In the United States, critical voices often accuse Presidents Bill Clinton and George W. Bush of naivety, because they believed that a policy of an outstretched hand would satisfy China. This is the bet that Clinton made, while reaffirming the US security link with Japan as a key element in managing the geopolitical rise of the Middle Kingdom. There were three great powers in East Asia, and Clinton believed that if the US remained aligned with Japan (the world's third-largest economy), the two countries could shape the environment in which China's power would thrive. .
 
In addition, if China was trying to push the US back into the Pacific as part of a military strategy to expel them from the region, Japan wanted to make the best possible contribution to the stay of some 50,000 US troops based there. Today, the principal coordinator of US policy for the Indo-Pacific region within Biden's National Security Council is Kurt Campbell - the diplomat who ably implemented Clinton's policies in this region.
 
The alliance with Japan enjoys strong support in the USA. Since 2000, former Assistant Secretary of State Richard Armitage and I have published a series of bipartisan reports on this strategic relationship.

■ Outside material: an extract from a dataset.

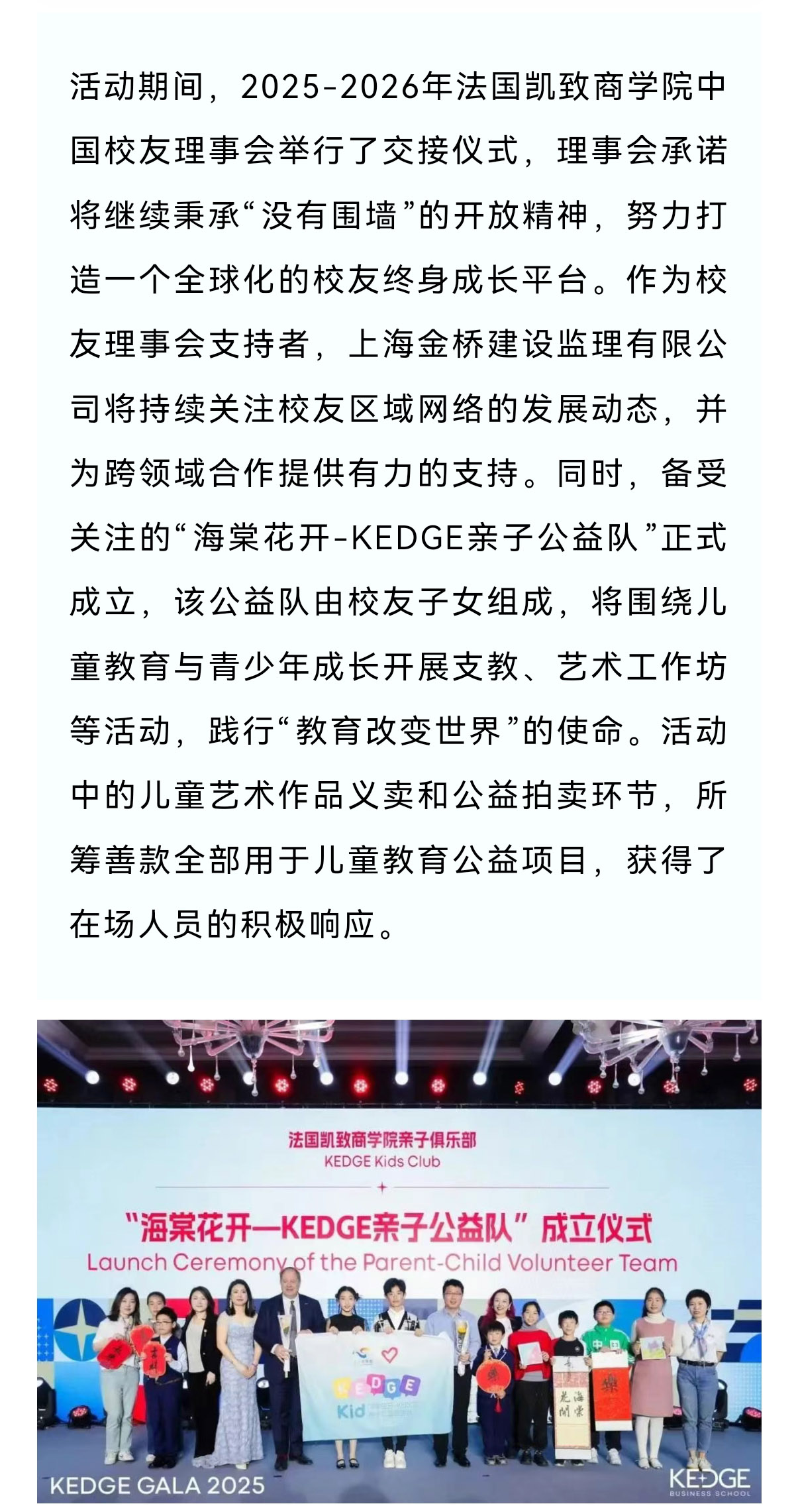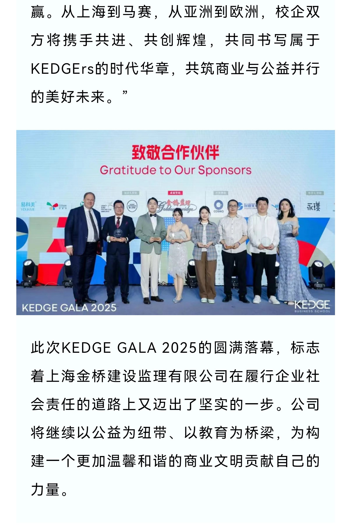 上海金桥建设监理助力法国凯致商学院公益盛典—KEDGE GALA 2025圆满落幕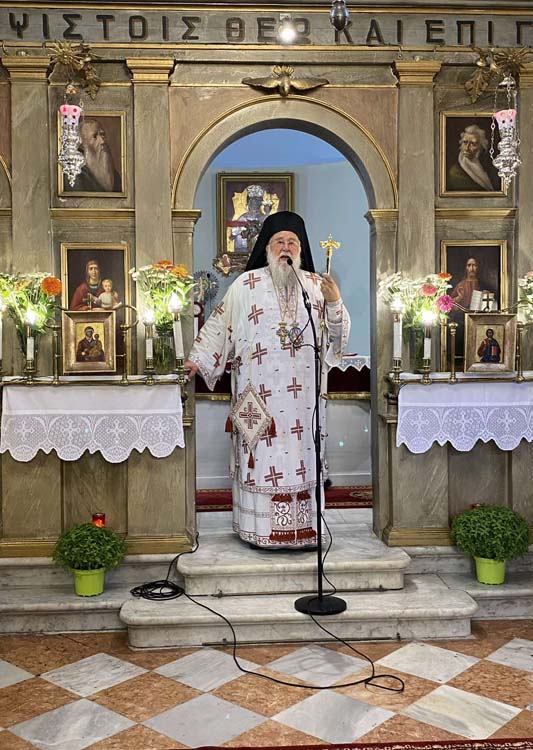 Κατά την Θεία Λειτουργία, έλαβε αφορμή από το ευαγγελικό ανάγνωσμα που αναφέρεται στην παραβολή του οφειλέτη των μυρίων ταλάντων, και αναφέρθηκε στο μεγάλο θέμα της συγχωρητικότητας, το οποίο αφορά όλους μας. Ο Χριστός είναι το μεγάλο παράδειγμα προς μίμησιν μας, ο οποίος συγχώρησε τους σταυρωτές Του, επάνω από το ικρίωμα του σταυρού. Μάλιστα δε, ζήτησε από τον ουράνιο πατέρα Του, αυτή την συγχώρεση, λέγοντας του, ότι δεν γνωρίζουν τι πράττουν. Ο διάβολος, που παρακολουθούσε την πορεία του Θεανθρώπου, από την ώρα του Ευαγγελισμού μέχρι και της καταδίκης Του, που πίστευσε ότι επάνω εις τον σταυρό πλέον είχε καταφέρει την πλήρη αιχμαλωσία του ανθρώπου, στο άκουσμα αυτών των λόγων του Ιησού, συγχωρώντας τους σταυρωτές Του, τότε και πάλι αντιλαμβάνεται ότι ο μεγάλος εσταυρωμένος δεν ήταν ένας απλός άνθρωπος, αλλά ο Θεάνθρωπος.

In our fifth report released on December 7, 2020 by the Center for Strategic and International Studies, a non-partisan body, we say that like many other Asian countries, Japan does not want to be dominated by China. It now plays a leading role within the alliance: it sets the regional agenda, champions free trade agreements and multilateral cooperation, and implements new strategies to shape a regional order.
 
Wanting to strengthen his country's defense capabilities within the framework of the United Nations Charter, former Prime Minister Shinzo Abe reinterpreted Article 9 of the post-war Japanese Constitution. After the US withdrawal from the Trans-Pacific Partnership decided by Trump, Abe replaced it with a comprehensive and progressive Trans-Pacific Partnership. He also conducted quadrilateral consultations with India and Australia on the stability of the Indo-Pacific region.
 
Fortunately, the Japanese regional leadership is expected to continue under the leadership of Prime Minister Yoshihide Suga, the former secretary general of Abe's cabinet who is likely to pursue the same policy. Common interests and shared democratic values ​​continue to form the bedrock of the Japanese-American alliance, and opinion polls show that Japanese confidence in the United States has never been greater. It's no surprise that after his inauguration, one of Biden's first phone calls to foreign leaders was to Suga. The American president wanted to assure him of the continued commitment of the United States in favor of their strategic partnership.
 
The US and Japan need each other more than ever and their alliance remains popular in both countries. Together, they can balance the power of China and cooperate with it in areas such as climate change, biodiversity and pandemics, as well as to rebuild the rules of the international economic order. For all of these reasons, as Biden develops his strategy in the face of China's continued rise to power, the alliance with Japan will remain a top priority.